With the rapid advance of information technology, network systems have become increasingly complex and hence the underlying system dynamics are typically unknown or difficult to characterize. Finding a good network control policy is of significant importance to achieving desirable network performance (e.g., high throughput or low average job delay). Online/sequential learning algorithms are well-suited to learning the optimal control policy from observed data for systems without the information of underlying dynamics. In this work, we consider using model-based reinforcement learning (RL) to learn the optimal control policy of queueing networks so that the average job delay (or equivalently the average queue backlog) is minimized.

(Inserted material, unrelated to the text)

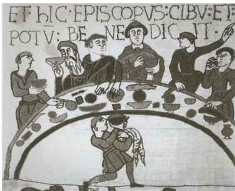
Герцог Нормандский на пиру. Фрагмент ковра из Байё

Existing RL techniques, however, cannot handle the unbounded state spaces of the network control problem. To overcome this difficulty, we propose a new algorithm, called Reinforcement Learning for Queueing Networks (RL-QN), which applies model-based RL methods over a finite subset of the state space. We establish that the average queue backlog under RL-QN with an appropriately constructed subset can be arbitrarily close to the optimal result. We evaluate RL-QN in dynamic server allocation and routing problems. Simulations show that RL-QN minimizes the average queue backlog effectively.

Bai is a Ph.D. student in LIDS advised by Prof. Eytan Modiano. His research interests lie in learning and control problems in networked systems (data networks, logistic networks, etc.), with the application of reinforcement learning, stochastic optimization, and inference methods.